▶ DATA FOR ANALYSIS

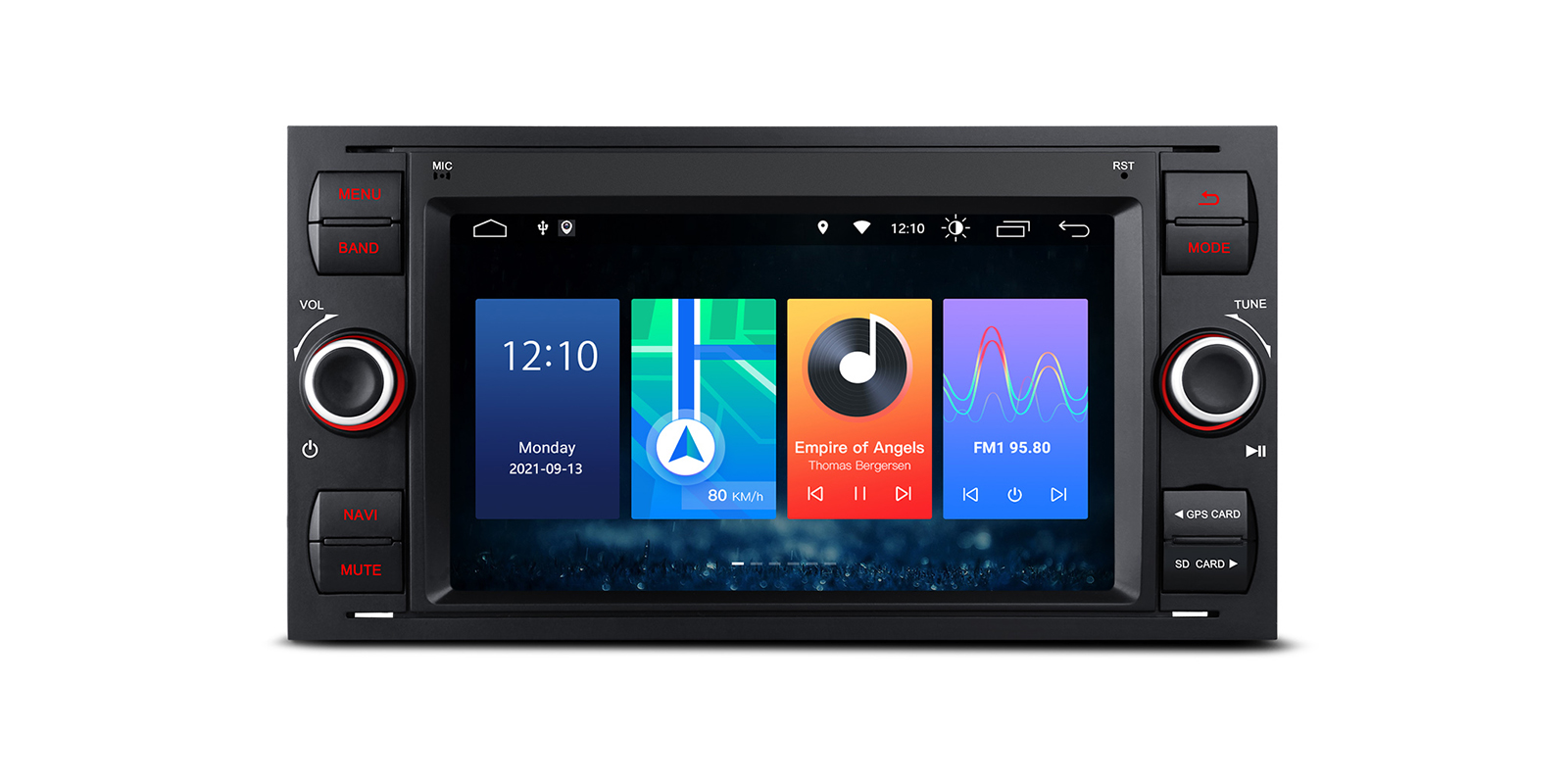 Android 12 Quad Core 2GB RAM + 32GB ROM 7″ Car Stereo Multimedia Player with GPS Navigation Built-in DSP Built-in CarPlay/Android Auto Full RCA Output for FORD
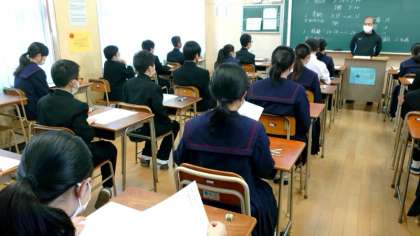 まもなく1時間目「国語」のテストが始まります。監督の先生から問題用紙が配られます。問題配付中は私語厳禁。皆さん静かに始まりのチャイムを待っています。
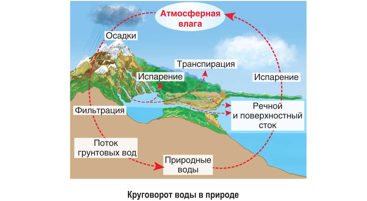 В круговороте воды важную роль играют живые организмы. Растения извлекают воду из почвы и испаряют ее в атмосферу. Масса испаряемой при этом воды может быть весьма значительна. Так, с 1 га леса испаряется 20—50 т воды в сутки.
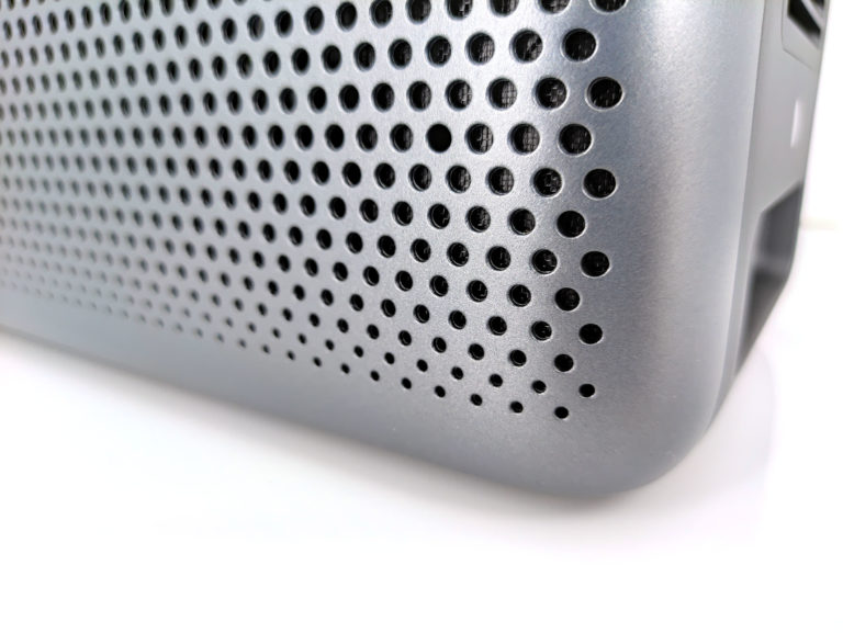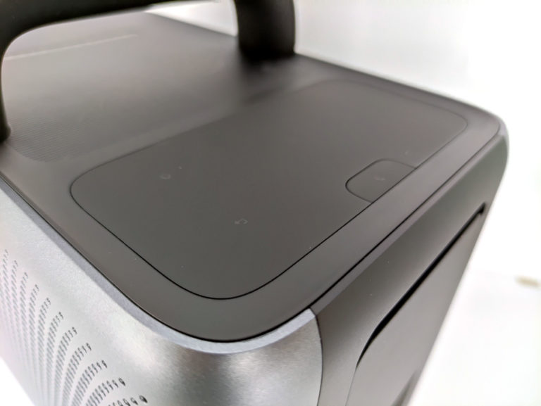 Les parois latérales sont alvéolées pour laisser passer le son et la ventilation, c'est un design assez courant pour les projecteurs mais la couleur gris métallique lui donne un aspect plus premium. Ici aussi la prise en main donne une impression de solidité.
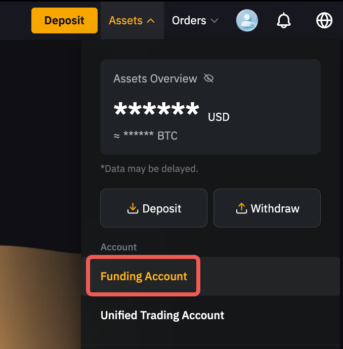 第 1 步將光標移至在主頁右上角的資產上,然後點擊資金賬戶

==

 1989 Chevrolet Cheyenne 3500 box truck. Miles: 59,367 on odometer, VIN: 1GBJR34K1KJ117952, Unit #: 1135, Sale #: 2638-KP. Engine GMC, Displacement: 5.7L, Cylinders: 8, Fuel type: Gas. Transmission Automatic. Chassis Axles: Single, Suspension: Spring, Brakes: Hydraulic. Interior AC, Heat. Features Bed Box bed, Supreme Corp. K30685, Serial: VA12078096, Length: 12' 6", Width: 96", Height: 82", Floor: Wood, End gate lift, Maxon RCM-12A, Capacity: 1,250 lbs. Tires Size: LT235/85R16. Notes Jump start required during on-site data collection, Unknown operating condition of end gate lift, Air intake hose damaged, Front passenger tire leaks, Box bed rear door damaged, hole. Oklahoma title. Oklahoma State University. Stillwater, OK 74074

▶ WHAT YOU NEED TO DO
What are the lines above from the one with "Les parois latérales" to the one with "第 1 步將光標移至在主頁右上角的資產上,然後點擊資金賬戶", both included? Reproduce them exactly, without pictures.

▶ EXPECTED ANSWER
 Les parois latérales sont alvéolées pour laisser passer le son et la ventilation, c'est un design assez courant pour les projecteurs mais la couleur gris métallique lui donne un aspect plus premium. Ici aussi la prise en main donne une impression de solidité.
 第 1 步將光標移至在主頁右上角的資產上,然後點擊資金賬戶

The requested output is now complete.